In music, _transcription_ can mean notating a piece or a sound which was previously unnotated, as, for example, an improvised jazz solo. Further examples include ethnomusicological notation of oral traditions of folk music, such as Béla Bartók's and Ralph Vaughan Williams' collections of the national folk music of Hungary and England respectively. The French composer Olivier Messiaen transcribed birdsong in the wild, and incorporated it into many of his compositions, for example his Catalogue d'oiseaux for solo piano. Transcription of this nature involves scale degree recognition and harmonic analysis, both of which the transcriber will need relative or perfect pitch to perform.
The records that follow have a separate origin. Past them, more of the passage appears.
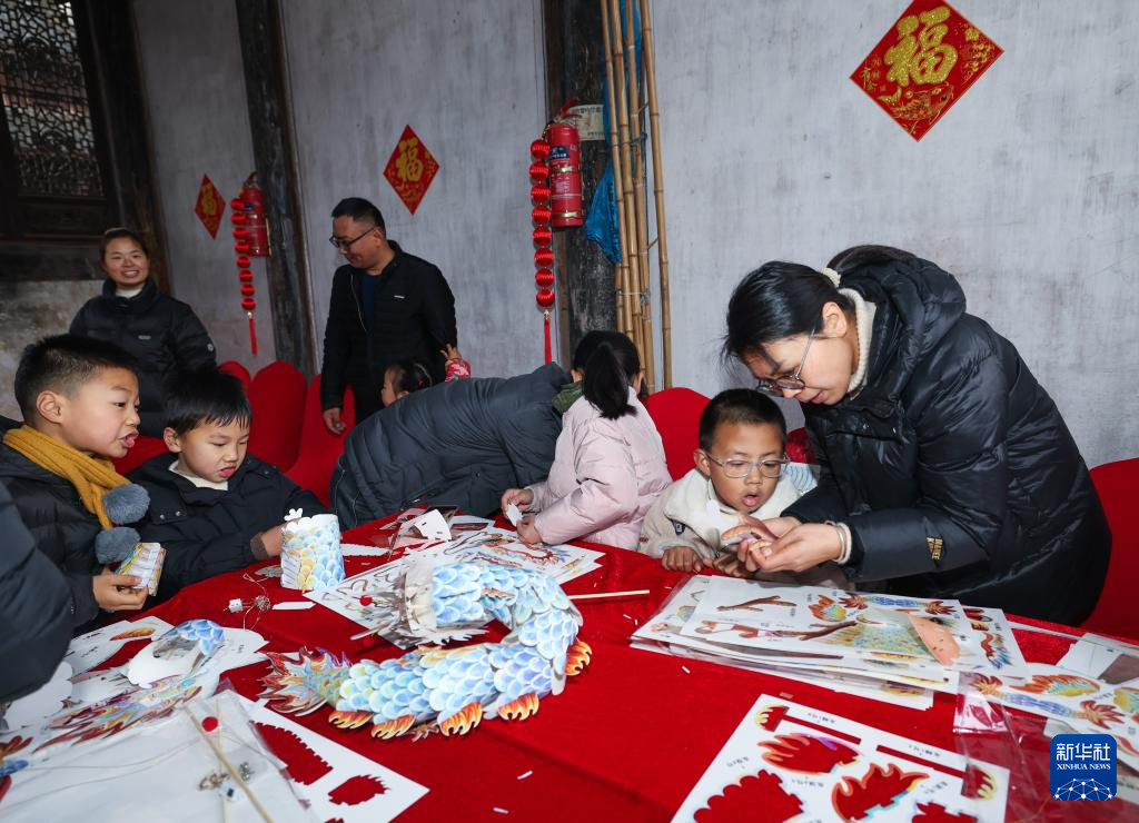 2月3日,小朋友们在东白湖镇斯宅村新谭家老台门古民居内民俗迎春活动上做龙灯。
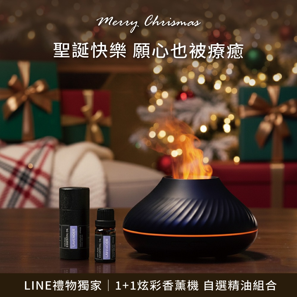 【BRAVOMART HOME】 1+1組合 七彩炫光火焰香薰氛圍燈 加贈香氛精油10ML 水氧機 精油燈 加濕器 淨化能量 免費刻字 天蠍座 射手座 交換禮物 辦公室小物 現貨 生日禮物
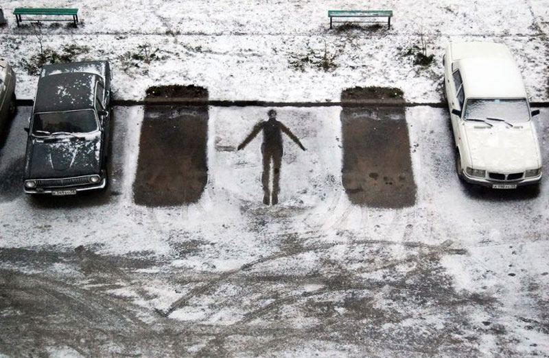 Como exemplo disso eu apresento a arte de Alexey Menschikov este artista das ruas faz sua arte muito pequena e em lugares estratégicos é simples mas muito criativo, veja abaixo.
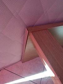 struttura letto matrimoniale in legno spazio interno cm 162 larghezza..e lunghezza 201 ...più 22 cm dei bordi laterali tot larghezza max 184 e lunghezza massima con i bordi e la testata 217 cm.2 comodini larghezza 45.5 profondità 42.5 altezza 44. 1 comodino bordi un po' rovinati come da foto e un bordo del letto scollato come da foto da rincollare .
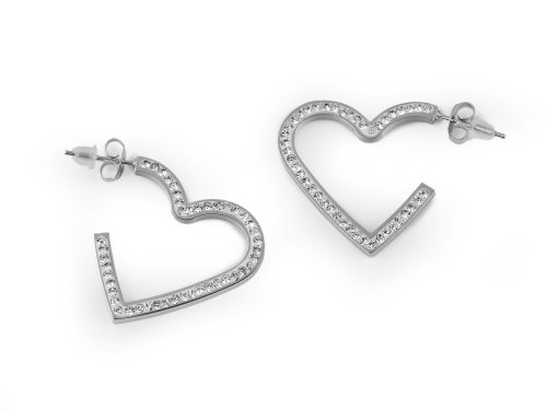 Náušnice srdce z kvalitní nerezové oceli jsou osázené broušenými kamínky s oslnivým třpytem. Jsou nepřehlédnutelné, vynikají svým unikátním designem. Můžete je nosit jako každodenní doplněk, který dodá vašemu oblečení elegantní nádech nebo je použít jako součást slavnostnějšího outfitu na speciální události. Puzeta je s kovovou zarážkou proti vypadnutí.

_Transcription_ may also mean rewriting a piece of music, either solo or ensemble, for another instrument or other instruments than which it was originally intended. The Beethoven Symphonies by Franz Liszt are a good example. _Transcription_ in this sense is sometimes called _arrangement,_ although strictly speaking transcriptions are faithful adaptations, whereas arrangements change significant aspects of the original piece.

An _arrangement _is the adaptation of a previously written musical composition for presentation. It may differ from the original form by reharmonization, paraphrasing or development of the melodic, harmonic, and rhythmic structure.

(WIK)


----------



## Kieran (Aug 24, 2010)

Thanks millionrainbows - very succinct and helpful as always...


----------